4. Zum Feststellungsbegehren:
[37] Das Berufungsgericht begründete die Abweisung des Feststellungsbegehrens auch damit, dass die Klägerin kein Vorbringen zur Ursächlichkeit der behaupteten Warnpflichtverletzung für jene drohenden Schäden erstattet habe, aus denen sie ihr Feststellungsinteresse ableite (hypothetischer Kausalverlauf). Gegen diese Begründung der Abweisung des Feststellungsbegehrens wendet sich die Revisionswerberin nicht. Tritt ein Rechtsmittelwerber der Beurteilung einer eigenständig zu beurteilenden Rechtsfrage nicht entgegen, ist es dem Rechtsmittelgericht aber verwehrt, darauf einzugehen (etwa 1 Ob 225/22b; 1 Ob 109/23w, jeweils mwN). Die Abweisung des Feststellungsbegehrens durch das Berufungsgericht ist daher zu bestätigen.
5. Ergebnis und Kosten:
[38] 5.1. Das auf Rückzahlung des Werklohns gerichtete Zahlungsbegehren ist berechtigt. In diesem Punkt wird daher die stattgebende Entscheidung des Erstgerichts wiederhergestellt. Hinsichtlich des Feststellungsbegehrens wird die klageabweisende Entscheidung des Berufungsgerichts hingegen bestätigt.
[39] 5.2. Die Entscheidung über die Kosten des Revisionsverfahrens sowie des Berufungsverfahrens, für das die Kostenentscheidung neu zu fassen ist, beruht jeweils auf § 43 Abs 2 iVm § 50 Abs 1 ZPO, weil die Klägerin mit ihrem Feststellungsbegehren im Rechtsmittelverfahren nur geringfügig unterlag. Sie hat daher Anspruch auf Ersatz ihrer Kosten zweiter und dritter Instanz.

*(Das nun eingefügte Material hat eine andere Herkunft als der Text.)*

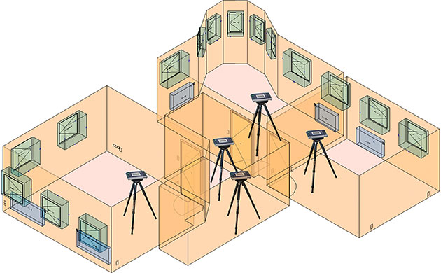 – Błyskawiczna dokumentacja konturów ścian w pomieszczeniu W oprogramowaniu pomiarowym tworzona jest trójwymiarowa przestrzeń. Do jej zdefiniowania wystarczy zaledwie kilka punktów pomiarowych: dokładnie dwa punkty na każdą płaszczyznę ściany oraz po jednym punkcie na podłogę i sufit.
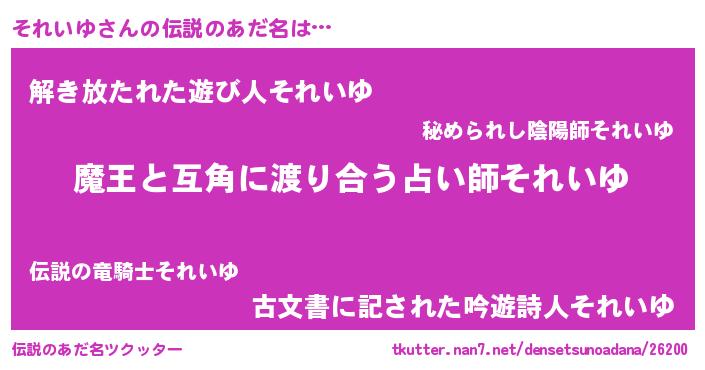 | 意味不明あだ名 | 『自称それいゆ』『永久保存それいゆ』 |
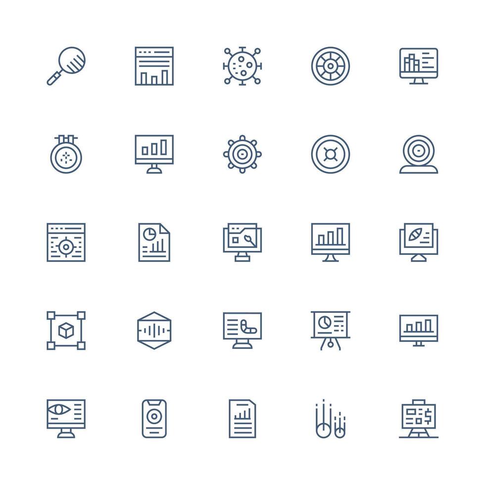 Visualization Set with 25 Medium Stroke Outline Icons Web Icon Collection Free Vector
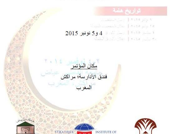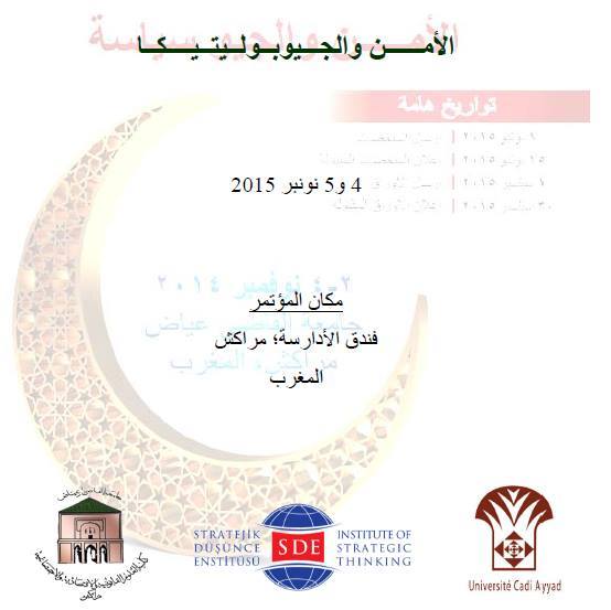 ينظم معهد التفكير الاستراتيجي بتركيا بشراكة مع مجموعة الأبحاث والدراسات الدولية حول إدارة الأزمات التابعة لكلية الحقوق؛ بجامعة القاضي عياض؛ المؤتمر العربي- التركي الخامس للعلوم الاجتماعية؛ في دورته الخامسة بمدينة مراكش يومي 4 و5 نونبر 2015؛ في موضوع الأمن والجيوبوليتيكا.

[40] 5.3. Zur Entscheidung über die Kosten des Verfahrens erster Instanz wird auf die Judikatur verwiesen, wonach in komplexen Verfahren (hier: mehrere Verfahrensabschnitte; umfangreiche Kosteneinwendungen der Beklagten) die Kostenentscheidung der ersten Instanz aufgetragen werden kann (RS0124588 [T13]).
Unsere Meinung dazu
Das österreichische Werkvertragsrecht ist an sich gut erforscht. In der vorliegenden Entscheidung hat der OGH allerdings einige interessante Ausführungen zu den vom Werkbesteller "beigestellten Stoffen" gemacht. Als solche gelten nicht nur "Materialien" aus denen etwa das Werk hergestellt, sondern auch der Grund- und Boden des Werkbestellers, auf oder in dem das Werk errichtet werden soll. Der Werkunternehmer hat also auch den Baugrund und dessen Eignung bzw. dessen Einfluss auf das Werk zu prüfen. Der OGH verlangt vom Werkunternehmer, dass er sein Werk "durchdenkt". Im hier gegenständlichen Fall musste der Werkunternehmer den Besteller warnen, dass sein Werk - ein Kanal - nicht ausreichend dimensioniert ist, um den Parkplatz des Bestellers tauglich zu entwässern. Selbst wenn der Besteller eine bestimmte Rohrdimension bestellt, muss der Werkunternehmer prüfen, ob diese Dimension ausreichend ist. Das erscheint vernünftig und dem Maßstab des Sachverständigen gemäß § 1299 ABGB (dem der Werkunternehmer unterliegt) angemessen.